We illustrate our extraction method on a one-day-long recording of an isolated male zebra finch. We sliced the recorded sounds intervals into more than half a million snippets of 64 ms duration each that we embedded into the (2d) plane using UMAP. As can be seen in Figure 2B, snippets from different syllables can appear indistinguishable in the embedding plane, either 1) because a bird repeats an indistinguishable sub-syllable or note in a different context (i.e., as part of a different syllable as illustrated in Figure 2: parts of syllables E and D), or 2) because of UMAP projection errors (i.e., when nearest neighbors are hallucinated (Kollmorgen et al., 2020)—the latter we visually found to be quite common).
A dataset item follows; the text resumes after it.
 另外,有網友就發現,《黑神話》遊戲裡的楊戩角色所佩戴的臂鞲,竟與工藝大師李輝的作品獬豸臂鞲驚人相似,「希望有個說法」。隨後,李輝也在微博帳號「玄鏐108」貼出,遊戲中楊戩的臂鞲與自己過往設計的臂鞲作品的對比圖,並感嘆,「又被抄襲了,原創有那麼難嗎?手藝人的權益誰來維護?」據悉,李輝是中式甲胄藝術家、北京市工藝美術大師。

When such non-discriminability occurs ateither an onset or an offset, the respective snippet loses its distinguishing characteristic for that syllable (Figure 2B, yellow arrows). This situation is quite common in zebra finches that tend to sing different syllable types with indistinguishable endings. This ambiguity implies that the spectrogram snippets near an upper threshold crossing do not uniquely define the ending of that syllable type (presumably the same is also true for some syllable onsets). As a workaround to such repetitive structure inherent in birdsong (and language for that sake), our method provides the freedom to define syllable endings and beginnings at fixed time lags away from threshold crossings, at places within a syllable where the defining snippet becomes unique for that syllable.
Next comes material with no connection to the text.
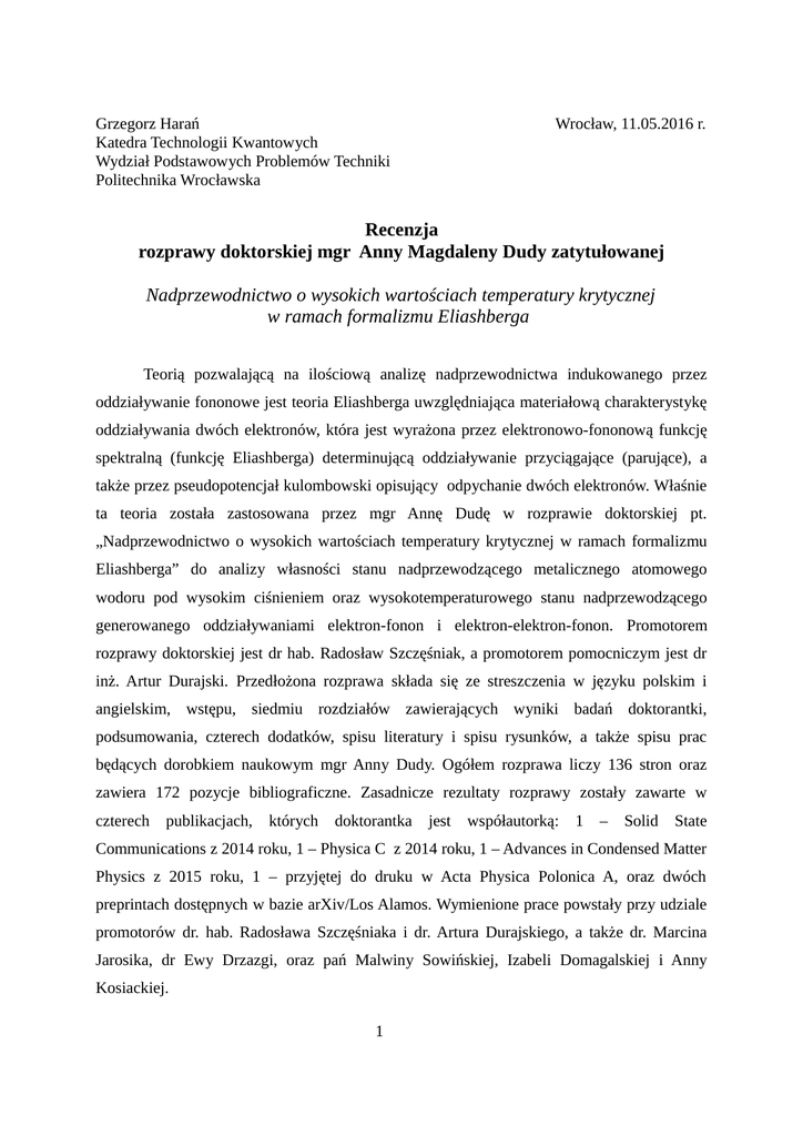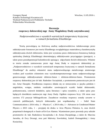 Grzegorz Harań Katedra Technologii Kwantowych Wydział Podstawowych Problemów Techniki Politechnika Wrocławska Wrocław, 11.05.2016 r. Recenzja rozprawy doktorskiej mgr Anny Magdaleny Dudy zatytułowanej Nadprzewodnictwo o wysokich wartościach temperatury krytycznej w ramach formalizmu Eliashberga Teorią pozwalającą na ilościową analizę nadprzewodnictwa indukowanego przez oddziaływanie fononowe jest teoria Eliashberga uwzględniająca materiałową charakterystykę oddziaływania dwóch elektronów, która jest wyrażona przez elektronowo-fononową funkcję spektralną (funkcję Eliashberga) determinującą oddziaływanie przyciągające (parujące), a także przez pseudopotencjał kulombowski opisujący odpychanie dwóch elektronów. Właśnie ta teoria została zastosowana przez mgr Annę Dudę w rozprawie doktorskiej pt. „Nadprzewodnictwo o wysokich wartościach temperatury krytycznej w ramach formalizmu Eliashberga” do analizy własności stanu nadprzewodzącego metalicznego atomowego wodoru pod wysokim ciśnieniem oraz wysokotemperaturowego stanu nadprzewodzącego generowanego oddziaływaniami elektron-fonon i elektron-elektron-fonon. Promotorem rozprawy doktorskiej jest dr hab. Radosław Szczęśniak, a promotorem pomocniczym jest dr inż. Artur Durajski. Przedłożona rozprawa składa się ze streszczenia w języku polskim i angielskim, wstępu, siedmiu rozdziałów zawierających wyniki badań doktorantki, podsumowania, czterech dodatków, spisu literatury i spisu rysunków, a także spisu prac będących dorobkiem naukowym mgr Anny Dudy. Ogółem rozprawa liczy 136 stron oraz zawiera 172 pozycje bibliograficzne. Zasadnicze rezultaty rozprawy zostały zawarte w czterech publikacjach, których doktorantka jest współautorką: 1 – Solid State Communications z 2014 roku, 1 – Physica C z 2014 roku, 1 – Advances in Condensed Matter Physics z 2015 roku, 1 – przyjętej do druku w Acta Physica Polonica A, oraz dwóch preprintach dostępnych w bazie arXiv/Los Alamos. Wymienione prace powstały przy udziale promotorów dr. hab. Radosława Szczęśniaka i dr. Artura Durajskiego, a także dr. Marcina Jarosika, dr Ewy Drzazgi, oraz pań Malwiny Sowińskiej, Izabeli Domagalskiej i Anny Kosiackiej. 1 Wstęp i dwa pierwsze rozdziały - „Wysokotemperaturowy stan nadprzewodzący” oraz „Motywacja do prowadzenia badań” - w których zawarty jest opis stanu badań dotyczących nadprzewodnictwa w temperaturach rzędu 10-102 K ze szczególnym uwzględnieniem nadprzewodnictwa w metalicznym wodorze pod wysokim ciśnieniem rzędu 10 2 - stanowią wprowadzenie do rozprawy 103 GPa i uzasadniają wybór tematyki badań, która dotyczy teoretycznego opisu o charakterze ilościowym nadprzewodnictwa wysokotemperaturowego indukowanego oddziaływaniami fononowymi. Możliwość zakwalifikowania wodoru pod wysokim ciśnieniem do grupy nadprzewodników wysokotemperaturowych jest uzasadniona przez przedstawienie w Tab.1.1 przewidywanych wartości podstawowych parametrów termodynamicznych. Część wyników z Tab.1.1 to oryginalne wyniki Doktorantki przyjęte do druku w Acta Physica Polonica A. W Tab.1.1 brak jednak odniesienia do tej pracy, której pierwszym autorem jest mgr Duda, a także nie została ona uwzględniona w spisie literatury. Wszystkie rozdziały rozprawy łączy zagadnienie wysokiej temperatury przejścia fazowego do stanu nadprzewodzącego i przyjęta metoda opisu – formalizm silnego sprzężenia Eliashberga. Doktorantka wyznacza mierzalne wielkości, które charakteryzują stan nadprzewodzący – temperaturę krytyczną, przerwę energetyczną w jednocząstkowym widmie wzbudzeń, zależność parametru porządku od energii kwazicząstek tworzących parę Coopera, krytyczne termodynamiczne pole magnetyczne, ciepło właściwe, a także charakterystyczne parametry pozwalające sprawdzić ewentualne odstępstwa od przewidywań teorii BCS i uzasadnić konieczność opisu opartego na rozwiązywaniu równań Eliashberga. Znacząca część rozprawy dotyczy nadprzewodnictwa pod wysokim ciśnieniem, którego znaczenie jest szczególnie istotne w kontekście nadprzewodnictwa metalicznego wodoru. Zagadnienia te zostały przedstawione w rozdziałach 3 - 5 w ramach izotropowego jednopasmowego formalizmu Eliashberga. W obliczeniach wykorzystano funkcje Eliashberga otrzymane w pracach Phys. Rev. B 88, 064517 (2013) (rozdz. 3), Physics Lett. A 375, 1264 (2011) (rozdz. 4), Phys. Rev. B 84, 144515 (2011) (rozdz. 5), których daty publikacji świadczą o aktualności podjętych badań. W rozdziale trzecim przedstawiono ilościową analizę własności termodynamicznych singletowego stanu nadprzewodzącego typu s w fosforze pod wysokim ciśnieniem rzędu 10-10 2 GPa, a także przedstawiono stosowany w rozprawie formalizm. Wyniki zostały zawarte w preprincie arXiv:1601.05819, pozycja bibliograficzna [92], którego pierwszym autorem jest mgr Anna Duda. Stosując formalizm Eliashberga stwierdzono, że efekty silnego sprzężenia elektronfonon, a także efekty retardacyjne są niewielkie co powoduje, że relacje między takimi 2 wielkościami jak: temperatura krytyczna, parametr porządku w zerze temperatury, termodynamiczne pole krytyczne, skok ciepła właściwego przy przejściu fazowym są z dobrym przybliżeniem odtwarzane przez relacje charakterystyczne dla przybliżenia BCS. Doktorantka rozpoczyna analizę problemu od krótkiego wprowadzenia do teorii BCS i jej uogólnienia uwzględniającego silne sprzężenie elektron-fonon, czyli teorii Eliashberga. Następnie, w krótkim przeglądzie literatury opisującej stan badań doświadczalnych i teoretycznych dotyczących nadprzewodnictwa w fosforze pod wysokim ciśnieniem, wskazuje na aktualność i istotność swoich badań. Motywacją jest duża ilość niepokrywających się danych doświadczalnych i stosowana zbyt uproszczona analiza teoretyczna, które razem nie prowadzą do jednoznacznych konkluzji. Wyniki teoretyczne zostały

Using our GUI (Supplementary Material), users can increase and decrease the lag variable
For the bird shown in Figures 1, 2B, about 96.6% of extracted vocalizations had cleanly segmented onsets and about 98.7% had cleanly segmented offsets (i.e., onsets and offsets coincided with sound amplitude threshold crossings). In another bird, also recorded with a microphone and kept alone in a soundproof box, clean segmentation was even more frequent (99.9% for onsets and 99.0% for offsets, respectively). However, in birds housed in pairs and recorded with a wireless accelerometer mounted to their back, the fraction of cleanly segmented vocalizations was much lower (down to 72% for onsets and 89% for offsets, respectively). Thus, the level of noise depends strongly on the recording method, but our method allows harvesting vocalizations even in noisy situations.
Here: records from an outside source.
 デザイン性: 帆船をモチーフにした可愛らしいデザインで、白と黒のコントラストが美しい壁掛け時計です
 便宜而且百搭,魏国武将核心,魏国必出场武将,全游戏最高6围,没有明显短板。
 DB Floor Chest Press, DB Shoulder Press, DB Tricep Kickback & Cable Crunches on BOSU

3.1 Performance evaluation
How good are the extracted vocalizations? We computed two performance measures associated with the extraction procedure: 1) The quality of the segmentation in terms of the time differences of extracted onsets and offsets relative to gold standard human annotations; and 2) the clustering performance in terms of the false-positive error rate of misclassified time bins, again assessed by human experts (see Methods).
With regards to 1) the quality of the segmentation, for the bird shown in Figures 1, 2B and for both onsets and offsets, the time lags to threshold crossings were similarly distributed for 2N- and for human-extracted vocalizations (Figures 3A,B), suggesting that 2N extraction extracts vocalizations from background noise in similar manners as humans do. For both onsets and offsets in this bird, the largest time lags to amplitude-threshold crossings were up to 1 s long. In all birds tested (n = 2 mic and n = 2 accelerometer birds), we found similarity between 2N-extracted vocal segments and the human gold-standard counterparts, constituting a big improvement over simple sound amplitude thresholding (i.e., defining onsets and offsets as lower and upper crossings of sound amplitude thresholds, respectively, Figures 3C,D).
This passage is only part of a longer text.